Bon à savoir : lorsque le nombre de bornes à connecter le nécessite, il faut aussi prévoir une augmentation de la puissance des services. Cette infrastructure peut donc imposer de restreindre le nombre d’utilisateurs. Les besoins des uns et des autres sont donc à anticiper sur le moyen et le long terme avant de se lancer dans l’installation d’un tel dispositif.

Le cas de l’infrastructure collective alimentée en aval par un compteur électrique dédié à cet usage

Ce type d’architecture comprend deux installations différentes.

L’architecture de distribution en étoile

Dans cette situation, toute borne est connectée à un coffret électrique, lui-même relié au tableau électrique général. Ceux-ci font partie d’un compteur ajouté pour l’occasion. Il est relié à la colonne montante de l’immeuble. Dans certains cas, il peut aussi être relié au réseau public de distribution d’électricité.

L’architecture de type câble bus

Dans cette situation, toute borne est connectée à un câble bus. Celui-ci est présent partout dans le parking. Il est raccordé au tableau électrique général du nouveau compteur. Ce dernier est lui aussi relié à la colonne montante de l’immeuble du réseau public.

Que ce soit l’une ou l’autre des deux architectures qui est choisie, les travaux doivent être faits par un professionnel qualifié. Il s’occupera de la mise en place du nouveau compteur, de la création de l’infrastructure électrique collective (avec tableau électrique général, coffrets secondaires, système de supervision connecté, pilotage mutualisé des bornes).

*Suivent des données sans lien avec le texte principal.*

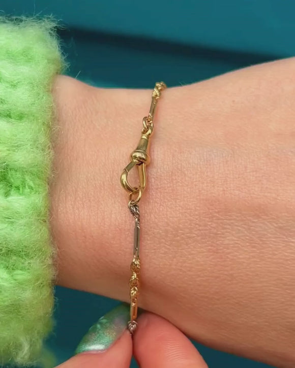 This antique 18ct Gold and Platinum bi-colour bracelet will be the hot topic of conversation as she adorns your wrist! Platinum and Gold lover's knots and paperclip links are entwined to form her 7.5" length; the contrast of mixed metals is what will set your collection apart from the rest.

L’avantage de ces méthodes réside en la gestion indépendante des services généraux. Elle est par ailleurs optimisée si la copropriété opte pour la mutualisation de l’alimentation des bornes électriques. Autre point fort de ces architectures : tout peut être confié à l’opérateur, délestant ainsi les uns et les autres du service de recharge. Enfin, grâce au Tarif d’utilisation des réseaux publics d’électricité, le coût du raccordement direct d’un compteur dédié est moins important pour la copropriété.

 Maintenance de l’architecture avec compteur dédié : comment s’y prendre ?

Il est conseillé de s’assurer que la maintenance des bornes est assurée, tout comme celle du système de supervision. Cette maintenance peut être effectuée par l’opérateur ou être géré par la copropriété par le biais d’un contrat de maintenance dédié. Ces frais peuvent être soit à la charge de la copropriété, soit des utilisateurs des bornes.

Bon à savoir : le gestionnaire du réseau public de distribution d’électricité prend à ses frais la continuité de fourniture jusqu’au(x) compteur(s) dédié(s).

Le cas de la création d’une infrastructure collective constituée d’une colonne électrique avec compteur individuel pour chaque borne

Dans cette situation, chacune des bornes est reliée à un point de livraison individuel. Ce point est lui-même raccordé à une colonne électrique présente dans le parking et recevant l’électricité.

Chaque point de livraison dispose de son compteur électrique. De fait, chaque utilisateur reste libre de son choix en matière d’installateur et de fournisseur d’électricité.

Bon à savoir : chaque utilisateur a l’obligation de souscrire un contrat spécifique à l’usage de sa borne de recharge.

L’avantage de cette méthode, outre le fait que chacun reste libre de ses choix en matière de fournisseur et de gestionnaire, c’est que la mise en place d’une telle infrastructure bénéficie d’une aide partielle (le Tarif d’utilisation des réseaux publics d’électricité).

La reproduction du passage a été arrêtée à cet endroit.